Securing Our Future

Securing Our Future May 13, 2015

OK, I am going to do the unpardonable here. I am going to talk about politics for just a moment. It is, after all, election year. And elections are important because they have an impact on how our lives will be shaped during the coming years. I know, I know. We feel like we really don’t have much say in how our government runs and to an extent that’s true. But it is also true that if you don’t get out there and vote you have no voice whatsoever.

For those of us in the interfaith community, politics can work to our benefit when we have elected representatives who support religious tolerance and religious diversity. It doesn’t matter what the religious beliefs of the candidate are, where they go to religious services or even whether they practice any religion at all. What is important is that they acknowledge the right of other citizens to hold religious beliefs that are contrary to their own.

Image courtesy of Shutterstock.
Image courtesy of Shutterstock.

On the other hand, there are some candidates who use their religious beliefs as the basis for what they want to see happen in this country to the exclusion of those who hold to other spiritual paths. They make a point of showing just how religious they are and condemning as somehow un-American and degenerate others are who don’t share their narrow views of both religion and morality. One can hear them every night on the news trumpeting that religious diversity will be the downfall of this country. There is no room in America for those who hold different beliefs.
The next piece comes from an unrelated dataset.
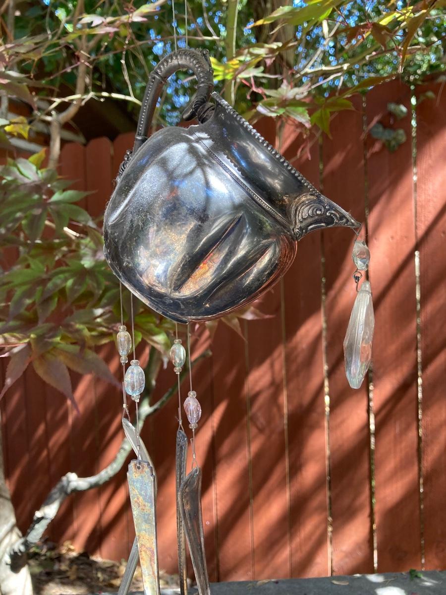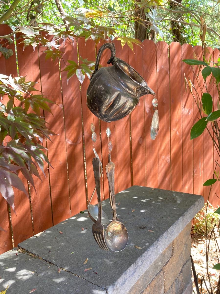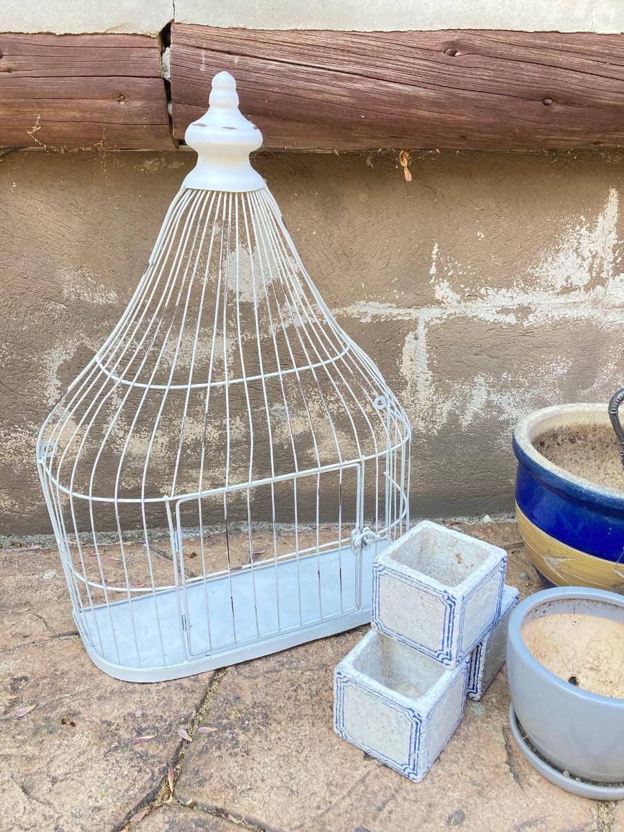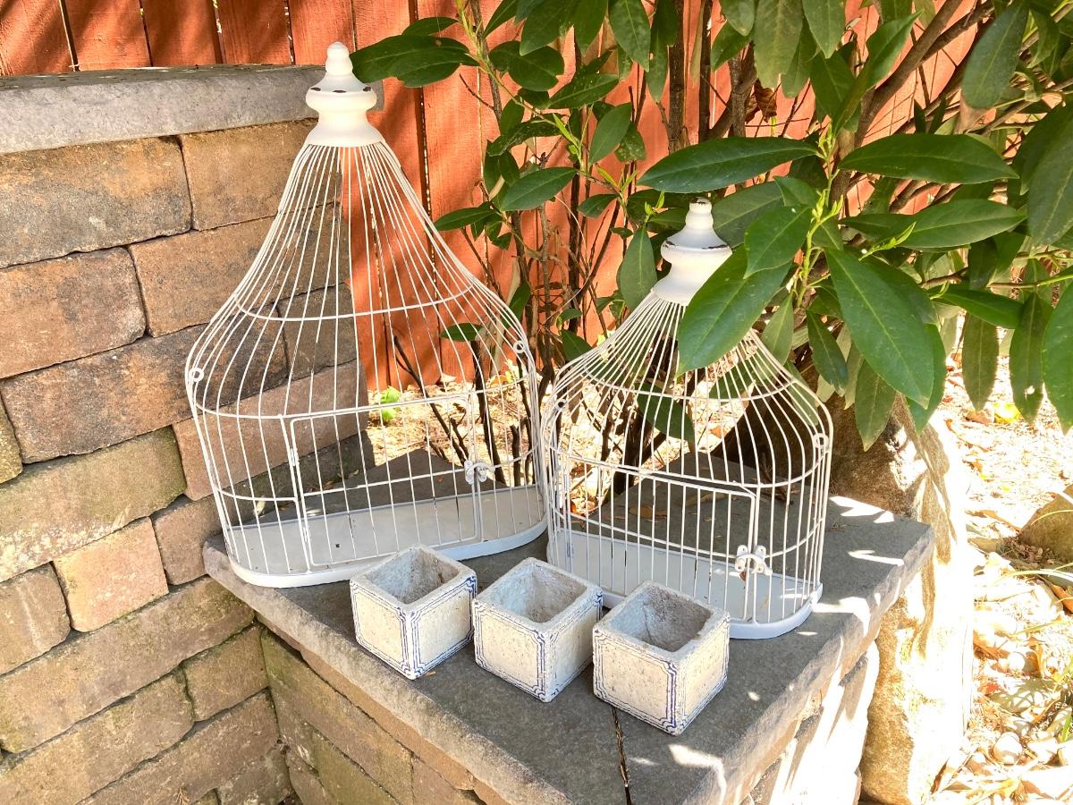 LOT 121: Home Decor Collection - Ceramic / Pottery Planters, Silver Plated Pitcher and Utensil Wind Chimes, Two White Wire Bird Cages and More

As a Pagan and someone who works within the interfaith community I become worried that apathy and an unwillingness to look at where our current political landscape is leading us will bring about the very sort of theocratic ghetto that we abhore in other countries. While frustration over the state of our government can lead us to want to avoid anything that smacks of politics I believe that we would be foolish in the extreme to do so. This is not the time to pretend that we are ostriches with our heads in the sand and ignore what the outcome of our indifference might be.

I am not telling anyone how to vote, but am asking that you do vote. But vote with your head. Listen to what the candidates are saying. Pay attention to the news. Get out there and speak up at town meetings if you will. But please, please, please….vote! If we remain silent in the face of religious discrimination then we have only ourselves to blame for the outcome.

Look at the picture above. Is it sunrise on a new day, or is it sunset of a dream of a society in which diversity and religious tolerance are the norm?